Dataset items
= Beginning of Section =
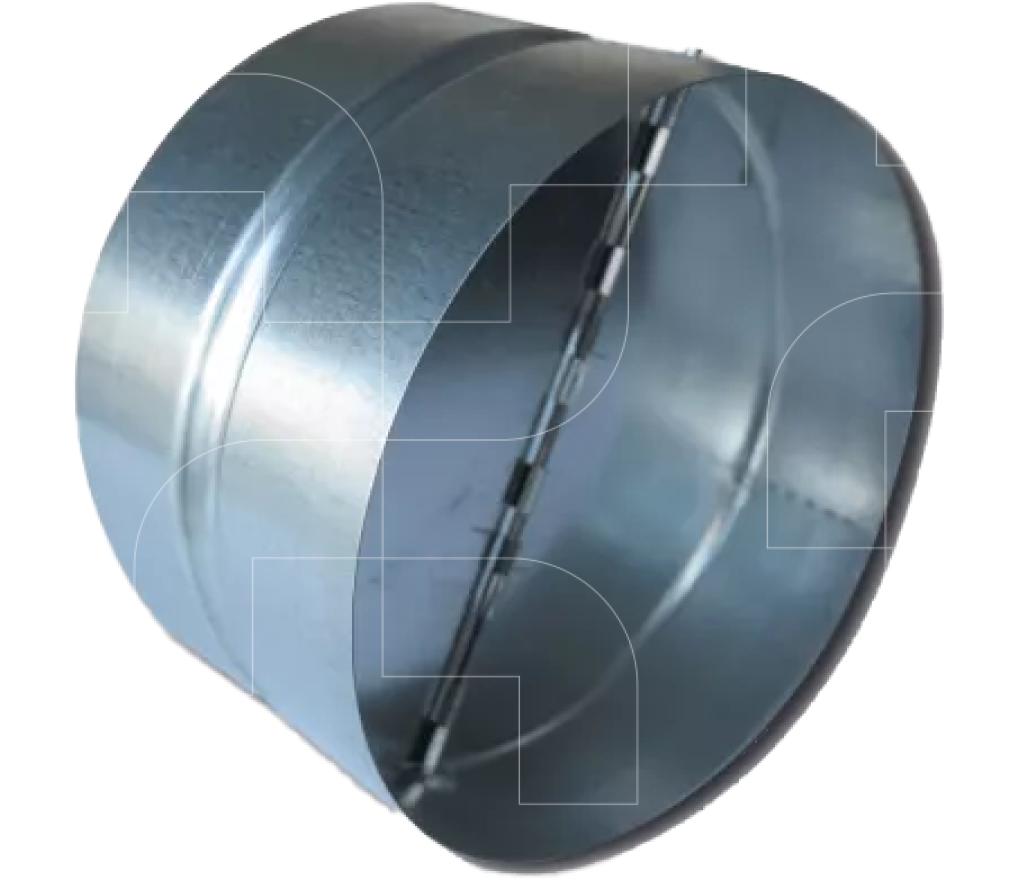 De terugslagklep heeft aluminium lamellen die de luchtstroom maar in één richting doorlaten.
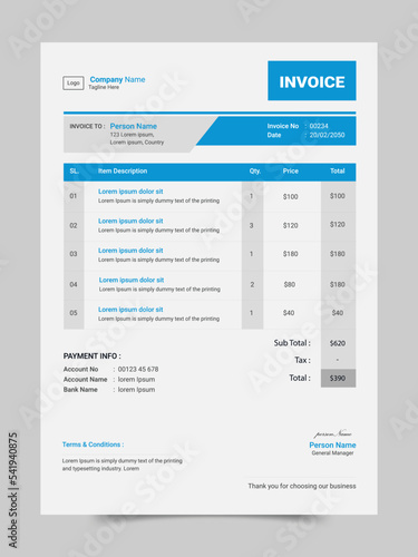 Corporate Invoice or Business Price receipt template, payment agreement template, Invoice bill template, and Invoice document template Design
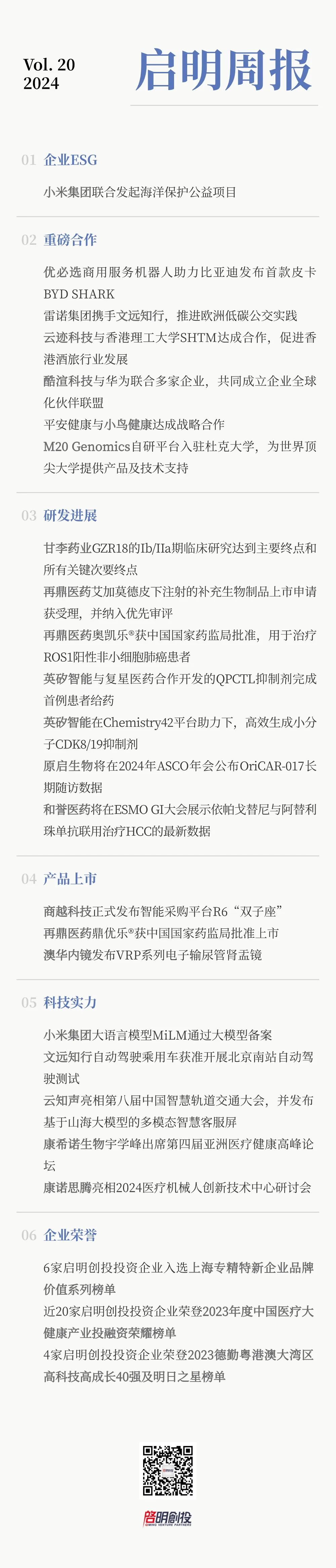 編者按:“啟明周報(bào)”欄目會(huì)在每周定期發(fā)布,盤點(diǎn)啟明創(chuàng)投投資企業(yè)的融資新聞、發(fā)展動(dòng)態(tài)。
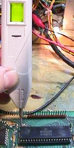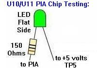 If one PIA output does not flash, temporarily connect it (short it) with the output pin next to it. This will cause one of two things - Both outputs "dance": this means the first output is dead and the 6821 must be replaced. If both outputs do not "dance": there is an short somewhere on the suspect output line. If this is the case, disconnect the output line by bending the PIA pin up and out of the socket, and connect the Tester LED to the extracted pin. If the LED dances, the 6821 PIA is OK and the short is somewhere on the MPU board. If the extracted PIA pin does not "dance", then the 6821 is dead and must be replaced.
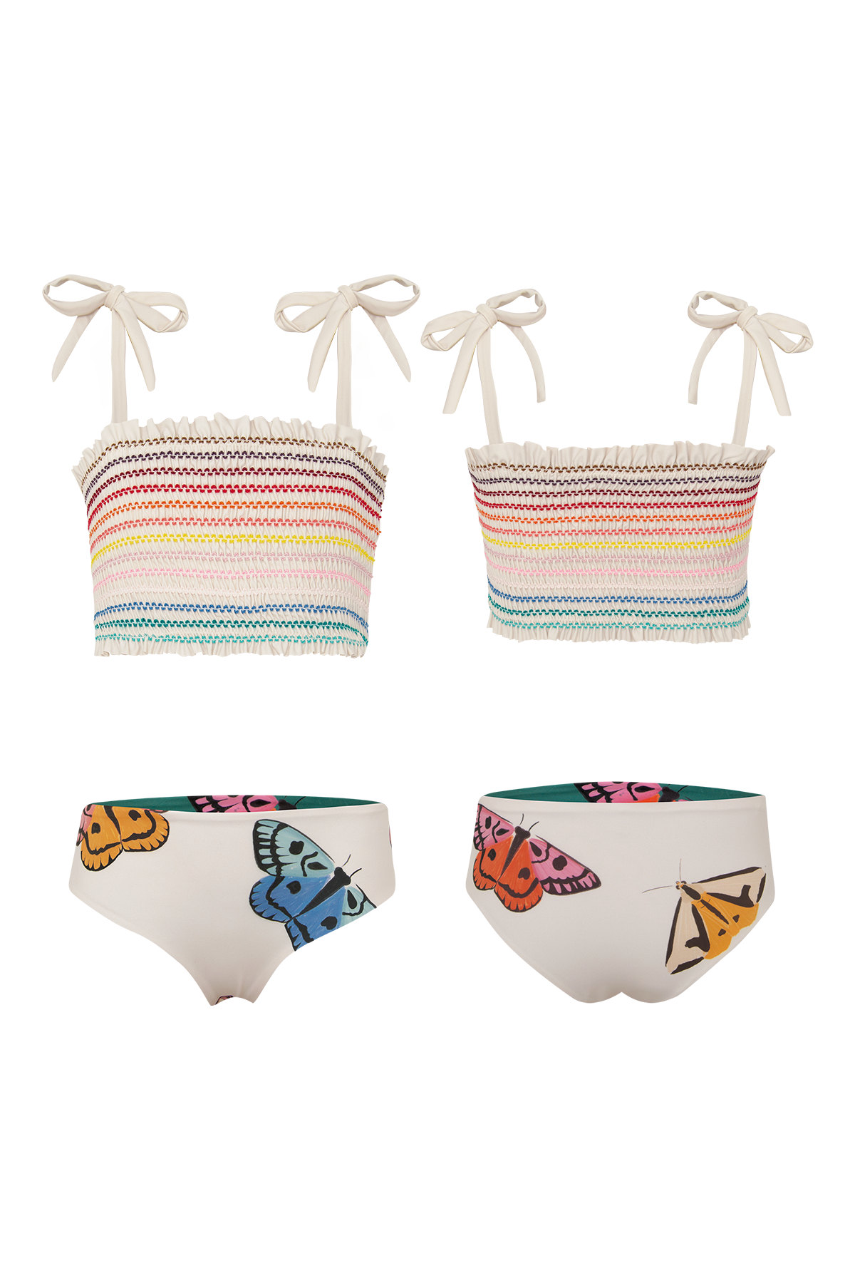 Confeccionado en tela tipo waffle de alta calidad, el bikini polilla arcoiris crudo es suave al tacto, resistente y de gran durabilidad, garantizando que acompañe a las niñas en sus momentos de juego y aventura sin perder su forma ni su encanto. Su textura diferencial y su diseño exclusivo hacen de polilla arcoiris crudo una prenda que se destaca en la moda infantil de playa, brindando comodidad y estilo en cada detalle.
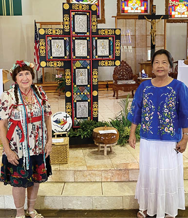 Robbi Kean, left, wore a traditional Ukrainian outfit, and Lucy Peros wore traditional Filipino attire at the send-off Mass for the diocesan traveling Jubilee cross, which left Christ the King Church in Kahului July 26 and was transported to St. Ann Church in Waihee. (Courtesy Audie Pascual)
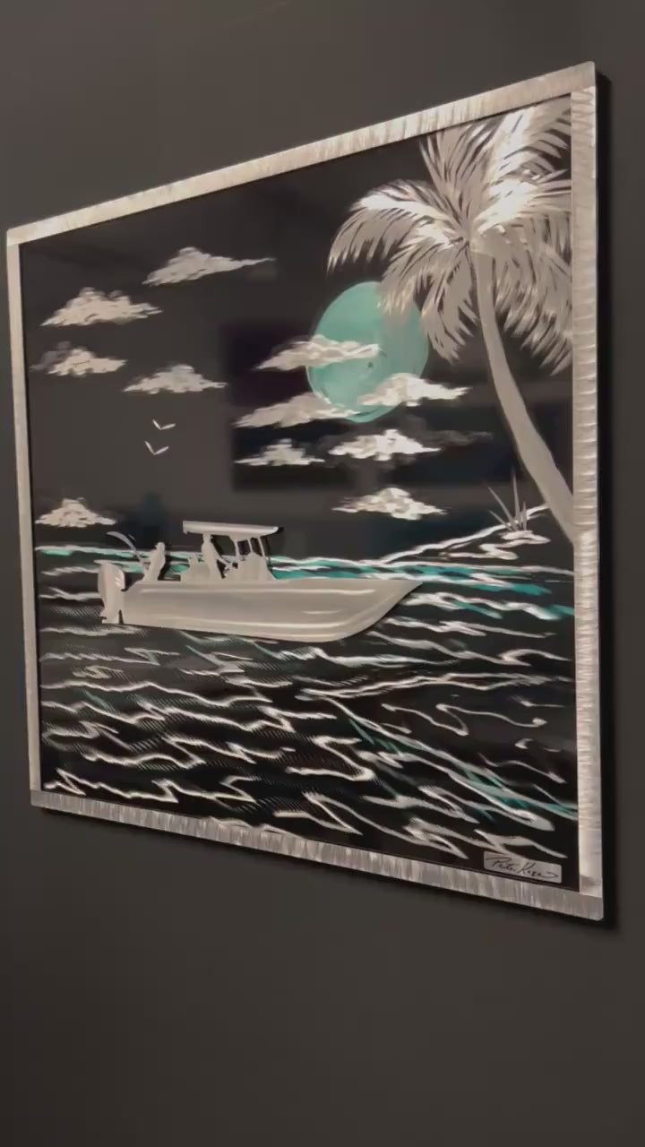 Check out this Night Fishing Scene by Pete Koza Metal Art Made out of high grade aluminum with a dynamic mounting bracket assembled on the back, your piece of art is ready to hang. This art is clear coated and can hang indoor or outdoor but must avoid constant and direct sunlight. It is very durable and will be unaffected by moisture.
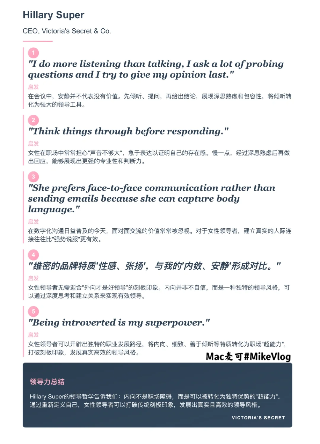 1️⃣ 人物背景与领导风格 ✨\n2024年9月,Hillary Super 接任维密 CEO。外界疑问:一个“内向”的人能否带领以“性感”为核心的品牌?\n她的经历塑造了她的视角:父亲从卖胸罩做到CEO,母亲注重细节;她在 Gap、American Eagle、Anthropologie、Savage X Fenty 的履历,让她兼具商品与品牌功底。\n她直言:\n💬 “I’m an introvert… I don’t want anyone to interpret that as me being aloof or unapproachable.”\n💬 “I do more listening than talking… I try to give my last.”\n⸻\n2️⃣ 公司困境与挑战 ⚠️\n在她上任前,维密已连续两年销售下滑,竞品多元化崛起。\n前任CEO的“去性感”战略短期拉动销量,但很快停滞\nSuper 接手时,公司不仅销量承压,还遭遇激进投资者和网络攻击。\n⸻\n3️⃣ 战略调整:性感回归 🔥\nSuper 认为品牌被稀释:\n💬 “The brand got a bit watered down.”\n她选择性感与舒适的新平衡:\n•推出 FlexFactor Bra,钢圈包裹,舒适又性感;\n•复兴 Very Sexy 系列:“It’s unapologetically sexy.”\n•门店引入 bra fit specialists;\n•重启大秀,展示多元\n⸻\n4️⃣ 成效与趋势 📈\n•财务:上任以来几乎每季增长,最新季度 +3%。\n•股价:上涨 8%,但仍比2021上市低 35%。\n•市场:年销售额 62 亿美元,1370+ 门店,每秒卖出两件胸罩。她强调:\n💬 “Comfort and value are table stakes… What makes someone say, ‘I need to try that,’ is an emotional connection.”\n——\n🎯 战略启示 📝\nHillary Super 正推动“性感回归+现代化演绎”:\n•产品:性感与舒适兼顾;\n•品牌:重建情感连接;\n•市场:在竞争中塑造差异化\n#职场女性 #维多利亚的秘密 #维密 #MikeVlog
= End of Section =
What needs to be done -
From the first line to the last, output the records exactly without pictures.

Output below -
 De terugslagklep heeft aluminium lamellen die de luchtstroom maar in één richting doorlaten.
 Corporate Invoice or Business Price receipt template, payment agreement template, Invoice bill template, and Invoice document template Design
 編者按:“啟明周報(bào)”欄目會(huì)在每周定期發(fā)布,盤點(diǎn)啟明創(chuàng)投投資企業(yè)的融資新聞、發(fā)展動(dòng)態(tài)。
 If one PIA output does not flash, temporarily connect it (short it) with the output pin next to it. This will cause one of two things - Both outputs "dance": this means the first output is dead and the 6821 must be replaced. If both outputs do not "dance": there is an short somewhere on the suspect output line. If this is the case, disconnect the output line by bending the PIA pin up and out of the socket, and connect the Tester LED to the extracted pin. If the LED dances, the 6821 PIA is OK and the short is somewhere on the MPU board. If the extracted PIA pin does not "dance", then the 6821 is dead and must be replaced.
 Confeccionado en tela tipo waffle de alta calidad, el bikini polilla arcoiris crudo es suave al tacto, resistente y de gran durabilidad, garantizando que acompañe a las niñas en sus momentos de juego y aventura sin perder su forma ni su encanto. Su textura diferencial y su diseño exclusivo hacen de polilla arcoiris crudo una prenda que se destaca en la moda infantil de playa, brindando comodidad y estilo en cada detalle.
 Robbi Kean, left, wore a traditional Ukrainian outfit, and Lucy Peros wore traditional Filipino attire at the send-off Mass for the diocesan traveling Jubilee cross, which left Christ the King Church in Kahului July 26 and was transported to St. Ann Church in Waihee. (Courtesy Audie Pascual)
 Check out this Night Fishing Scene by Pete Koza Metal Art Made out of high grade aluminum with a dynamic mounting bracket assembled on the back, your piece of art is ready to hang. This art is clear coated and can hang indoor or outdoor but must avoid constant and direct sunlight. It is very durable and will be unaffected by moisture.
 1️⃣ 人物背景与领导风格 ✨\n2024年9月,Hillary Super 接任维密 CEO。外界疑问:一个“内向”的人能否带领以“性感”为核心的品牌?\n她的经历塑造了她的视角:父亲从卖胸罩做到CEO,母亲注重细节;她在 Gap、American Eagle、Anthropologie、Savage X Fenty 的履历,让她兼具商品与品牌功底。\n她直言:\n💬 “I’m an introvert… I don’t want anyone to interpret that as me being aloof or unapproachable.”\n💬 “I do more listening than talking… I try to give my last.”\n⸻\n2️⃣ 公司困境与挑战 ⚠️\n在她上任前,维密已连续两年销售下滑,竞品多元化崛起。\n前任CEO的“去性感”战略短期拉动销量,但很快停滞\nSuper 接手时,公司不仅销量承压,还遭遇激进投资者和网络攻击。\n⸻\n3️⃣ 战略调整:性感回归 🔥\nSuper 认为品牌被稀释:\n💬 “The brand got a bit watered down.”\n她选择性感与舒适的新平衡:\n•推出 FlexFactor Bra,钢圈包裹,舒适又性感;\n•复兴 Very Sexy 系列:“It’s unapologetically sexy.”\n•门店引入 bra fit specialists;\n•重启大秀,展示多元\n⸻\n4️⃣ 成效与趋势 📈\n•财务:上任以来几乎每季增长,最新季度 +3%。\n•股价:上涨 8%,但仍比2021上市低 35%。\n•市场:年销售额 62 亿美元,1370+ 门店,每秒卖出两件胸罩。她强调:\n💬 “Comfort and value are table stakes… What makes someone say, ‘I need to try that,’ is an emotional connection.”\n——\n🎯 战略启示 📝\nHillary Super 正推动“性感回归+现代化演绎”:\n•产品:性感与舒适兼顾;\n•品牌:重建情感连接;\n•市场:在竞争中塑造差异化\n#职场女性 #维多利亚的秘密 #维密 #MikeVlog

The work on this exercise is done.